Serving against the continental grip

Generally players with a continental grip prefer to hit low wide balls. Getting the ball high to the forehand can be difficult for the receiver. The receiver may only be able to block the ball in play neglecting any offensive opportunity.

Serving against a western grip

Players with this type of grip prefer higher balls so a low or flat serve can be effective. A slice serve moving away from the receiver usually produces weak returns.

Serving against the two-handed backhand

Players with two-handed backhands have limited reach so a wide, low serve is a good choice because the receiver will have trouble reaching the ball or will be pulled out of court position. Also a slice serve at the body can work because it jams the player.

Serving against the one-handed backhand

Usually players with one-handed backhands have difficulty with higher balls. Often placing the serve high will result in a weak or floating type of return.

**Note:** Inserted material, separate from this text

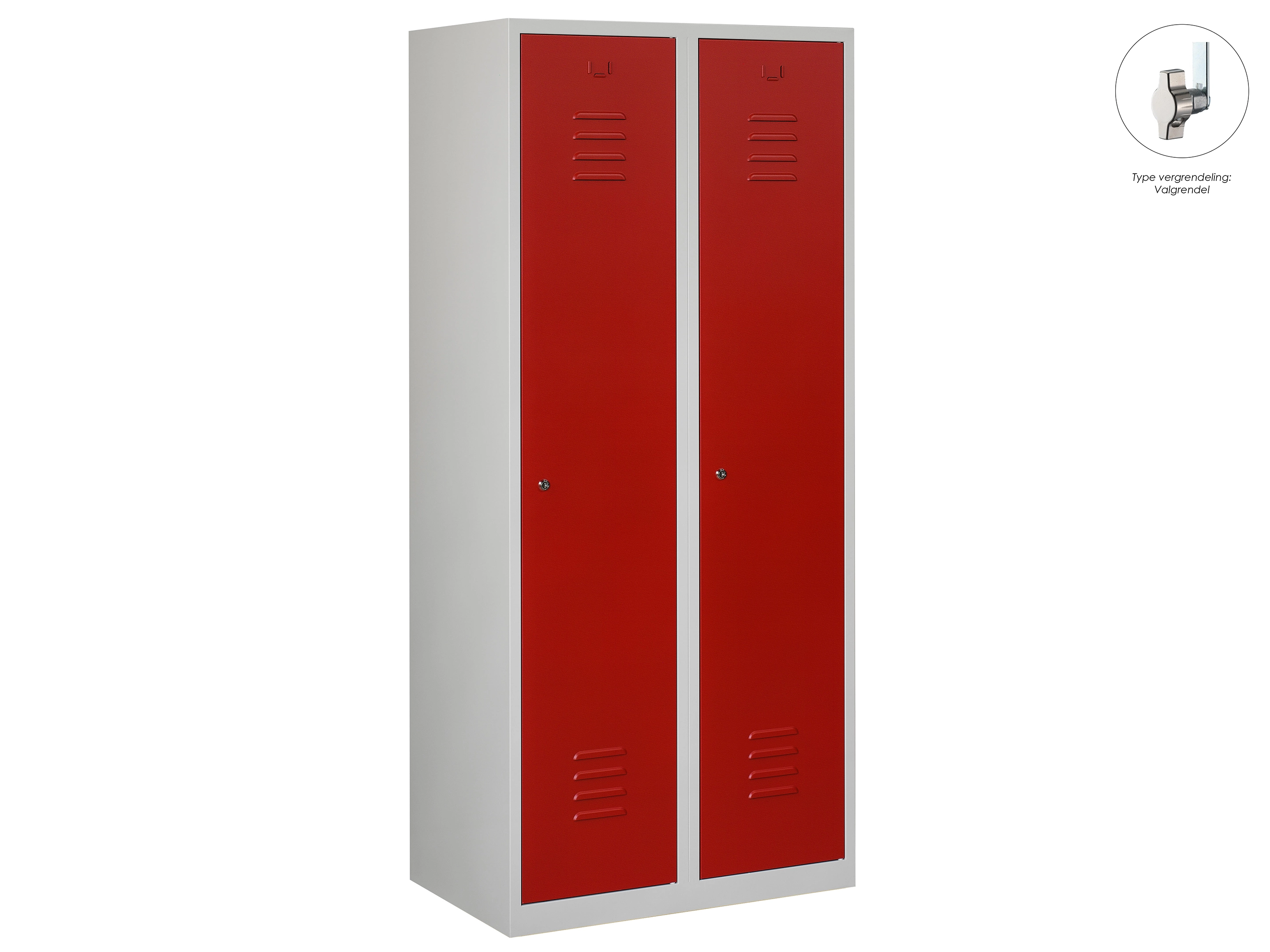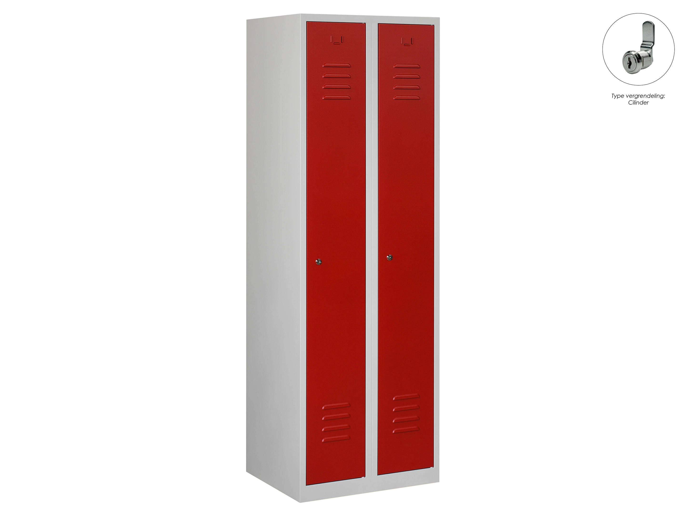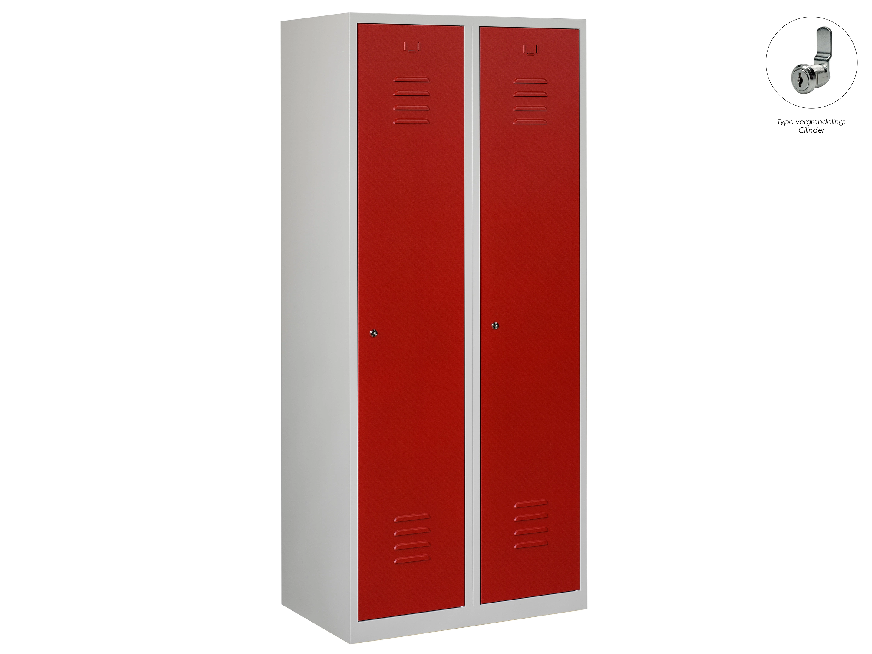 Type deuren: draaideur (ventilatiesleuven), type slot: cilinderslot. Kleur romp: grijs (RAL7035), kleur deuren: rood (RAL3000). Afmeting: 180x60x50 cm (HxBxD). Indeling: Legbord & kledingroede Aantal deuren: 2, aantal sleutels: 2.

Tennis is a game that requires many different athletic talents. Extraordinary hand eye coordination, flat out speed, balance, endurance and strength are just some of the talents needed to be successful. But tennis also requires much thinking and an understanding of when to hit hard or soft, when to attack or stay back, when to be cautious and when to be aggressive. When serving, be smart by exposing weaknesses of your opponents and maximizing your strengths by using good placement, changing speeds and mixing spins.